**Work to complete:**
With the pictures set aside, return the lines below exactly, beginning at the first and ending at the line containing "HARYANA INNOVATES | 14".

Input data Start Marker

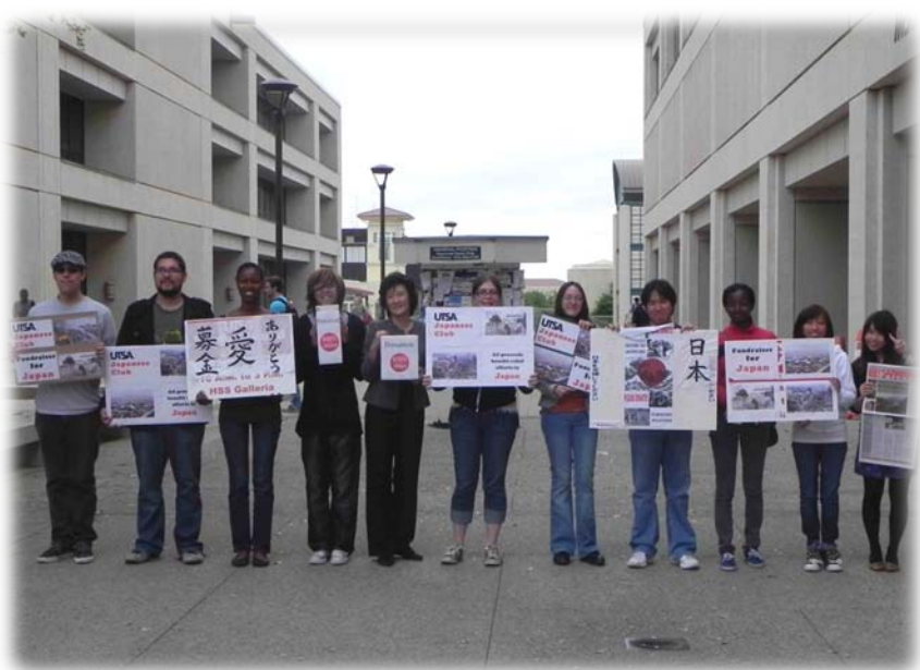
Donation drive at UTSA to help with the Japan relief
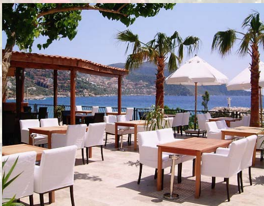
(Choose from over 80 restaurants)
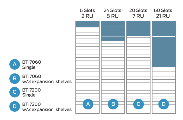
Figure 3: BTI7000 configuration options
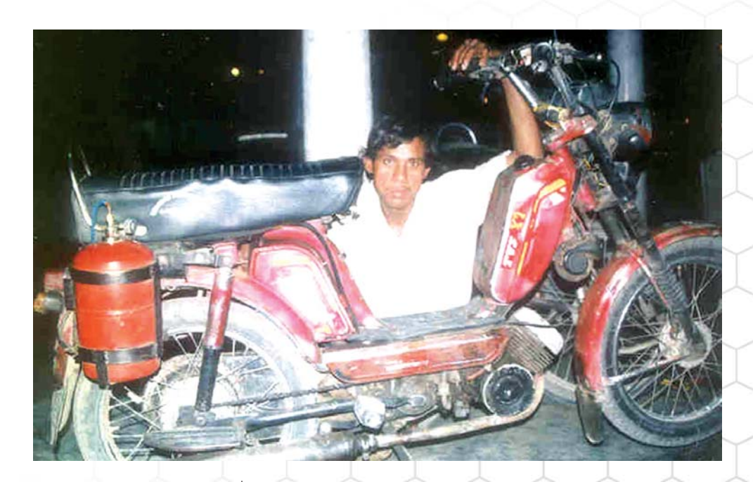
HARYANA INNOVATES | 14

He has developed a gas powered moped unit using a small LPG cylinder at the rear and a custom gas kit with a specialized valve that prevents back flow of gas or damage due to sparks in the carburetor. The low running cost and manageable weight of the small cylinder at back are some of the highlights of this innovation.
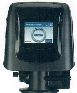
5800XTR-2 Clock, Meter or Backwash Control
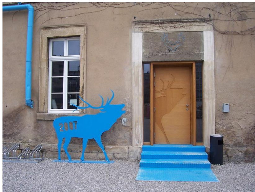
Figure 4. Steel cutout of the Luxembourg 2007 logo by the city's European Capital of Culture headquarters.

At the same time, in an interview I conducted with the communications manager for Luxembourg 2007, she said: “Rebuilding the image of Luxembourg is at the very core of Luxembourg 2007: from outside, Luxembourg is mostly seen as ‘banks,’ so we want to make something new and reactivate creativity.” As a country with one of the largest GDPs per capita in the world, Luxembourg had a budget of €7,000,000 for communication related to the European Capital of Culture alone, and focused on spreading its brand image across the city. For this reason, a plethora of steel cutouts of the whimsical Luxembourg 2007 logo, a blue deer, were strategically placed by major city buildings, in addition to the European Capital of Culture headquarters (Figure 4). The blue deer were sponsored by ArcelorMittal, the world's largest steel company with headquarters in Luxembourg, which was one of the major partners of Luxembourg 2007. In Luxembourg, the hyperbranding extended to street lighting and the 54 types of different branded products that were developed for Luxembourg 2007, with two new products being introduced every month based on the time of the year like, for example, gloves for the winter, and flip-flops for the summer.
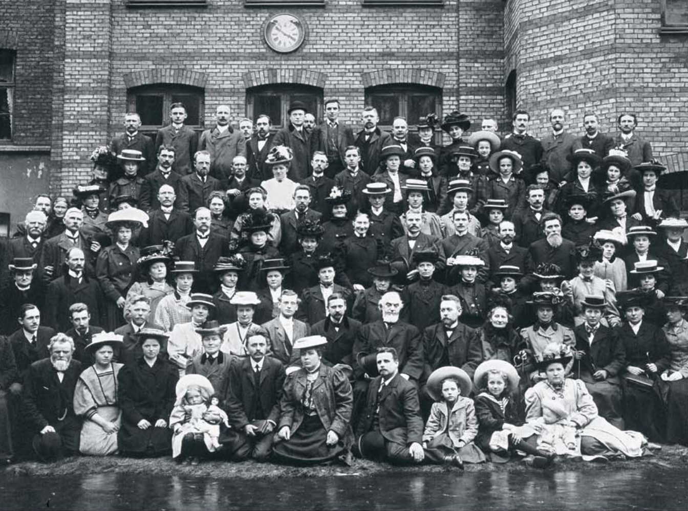
Charles Russell with a group of early Bible Students in Copenhagen, Denmark, in 1909
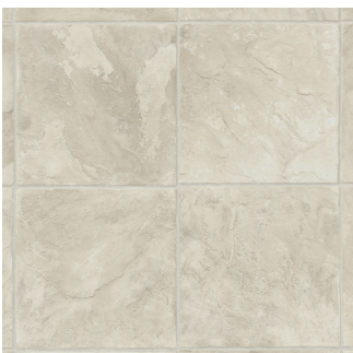
Condor | 535A U3140.212K535G144
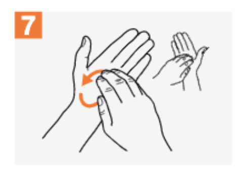
Rotational rubbing, backwards and forwards with clasped fingers of right hand in left palm and vice versa;
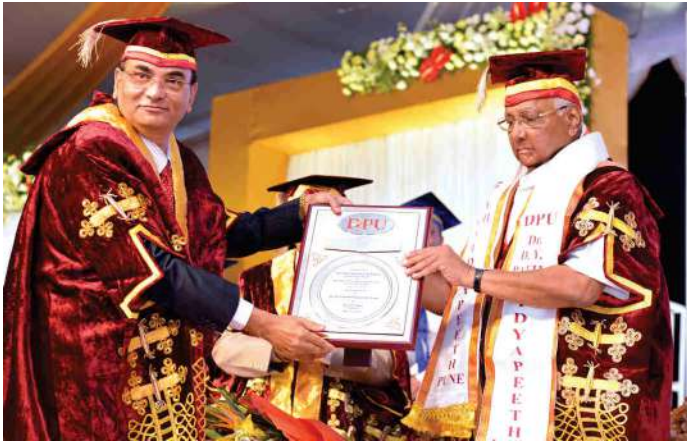
Felicitation of Chief Guest Shri. Sharadchandra Pawar , The then Union Minister of Agriculture & Food Processing Industry, Government of India
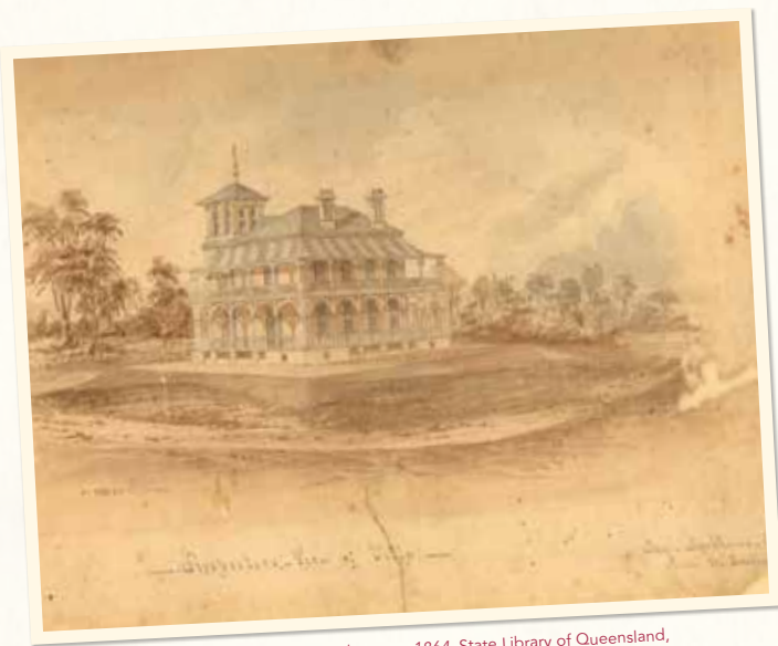
Perspective drawing of Villa Fernberg, Brisbane, ca 1864, State Library of Queensland, Image No.193620

In 1910 'Fernberg' was leased to the Queensland Government to be used as a temporary Government House following the establishment of a Queensland university in the original Government House in the city. The intention was to have a new Government House constructed in Victoria Park, but this was never completed. Instead, in 1911 the government purchased 'Fernberg' which then became Queensland's permanent vice-regal residence. 'Fernberg' remains the Queensland Governor's residence.
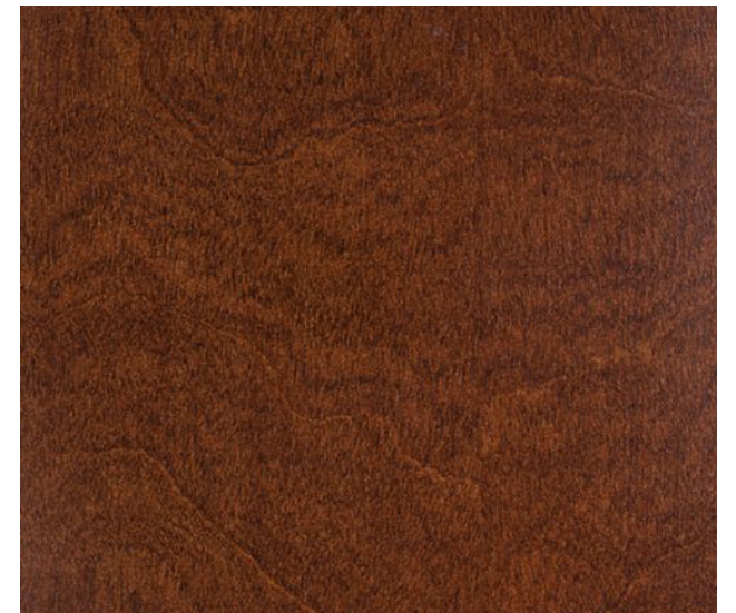
DOOR STAIN - MASONITE ARCHITECTURAL - ESPRESSO STAIN - ALL PREFINISHED WOOD DOORS
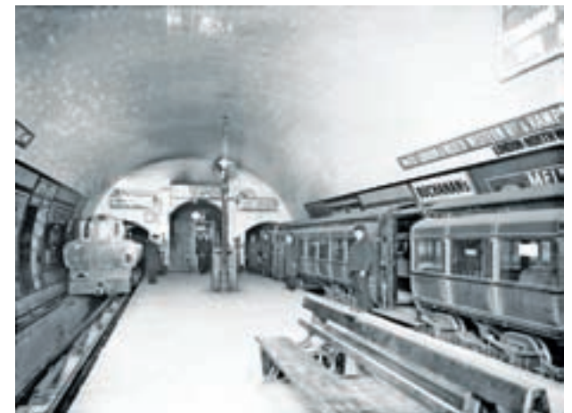
Old underground railway station

In Yangon and perhaps in Mandalay too, we have to
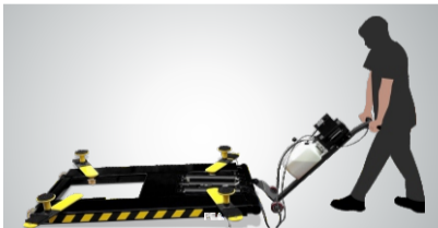
New design portable lift
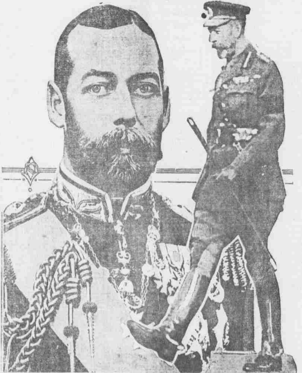
KING GEORGE, OF ENGLAND...

King George is at the western battle front in France. His presence among his soldiers on active service in a foreign country is an event of historic interest. The last occasion on which an English sovereign played a part in actual warfare was when King George II, with an Anglo-German army, fought the French, under Marshal Noailles, in the battle of Dettingen, showing personal courage during the fighting, but poor generalship. Since then the old practice of an English monarch leading the forces in the field has been abandoned. Although the kings have been kept aloof, members of the British royal family have, however, been at the front in a good many of England's recent wars. Thus the Duke of Cambridge was at Sebastopol in the Crimea, the Duke of Connaught commanded a brigade in the first Egyptian war, and both the Prince of Wales and Prince Arthur of Connaught are now on Field-Marshal Sir John French's staff. With the appearance of King George V at the front all of the rulers of the warring nations except Francis Joseph—the Kaiser, King Albert of Belgium, President Poincaré and the kings of Montenegro and Serbia—have been in the field.
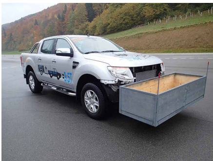
Verification of modifications updated payload

Where existing vehicles are being modified, we are able to test the relevant components and issue the documents necessary for approval.
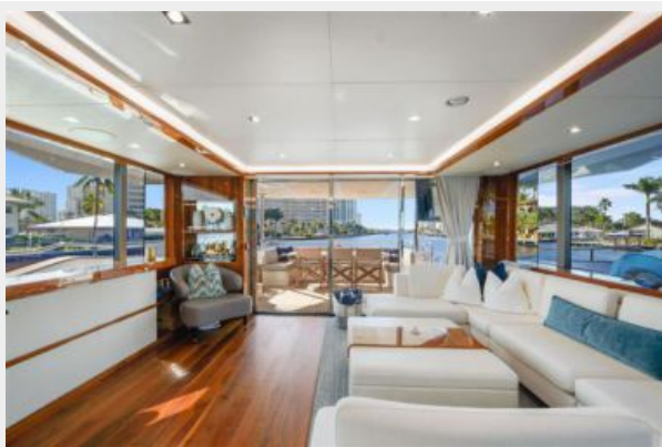
17_2017 95ft Sunseeker Yacht NITSA
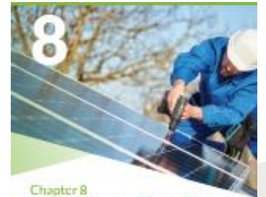
Chapter 8 Transitioning to a Climate Neutral Society
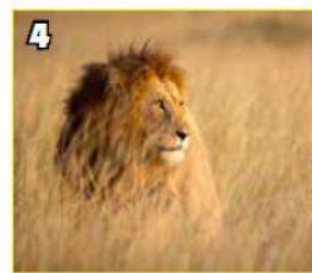
4 lion / penguin
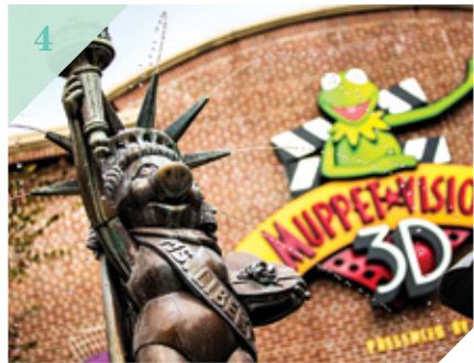
Muppet★Vision 3D Miss Piggy Statue
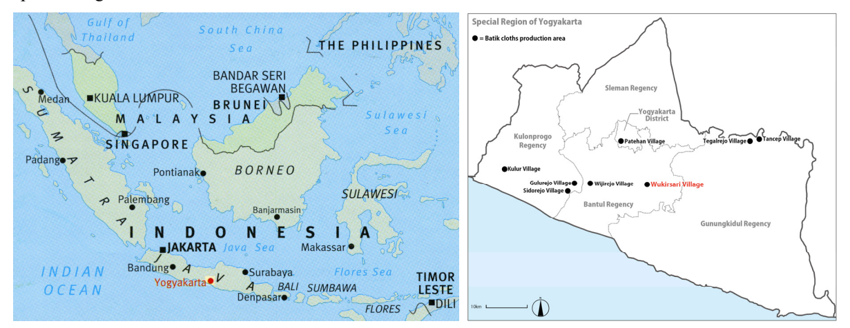
Figure 3 The location of Special Region of Yogyakarta in Indonesia

place for the royal family (Makam Imogiri). Craftspeople of Batik in Wukirsari Village almost gather in Karangkulon hamlet, Giriloyo hamlet and Cengkehan hamlet, which are called Kampung Batik Giriloyo in general. Female residents account for the majority of Batik craftspeople, and there are 16 Batik cloths production organization in Kampung Batik Giriloyo as of 2015. In this study, kampung Batik Giriloyo is taken as the specific target site.

Input data End Marker

**Task answer:**
Donation drive at UTSA to help with the Japan relief
(Choose from over 80 restaurants)
Figure 3: BTI7000 configuration options
HARYANA INNOVATES | 14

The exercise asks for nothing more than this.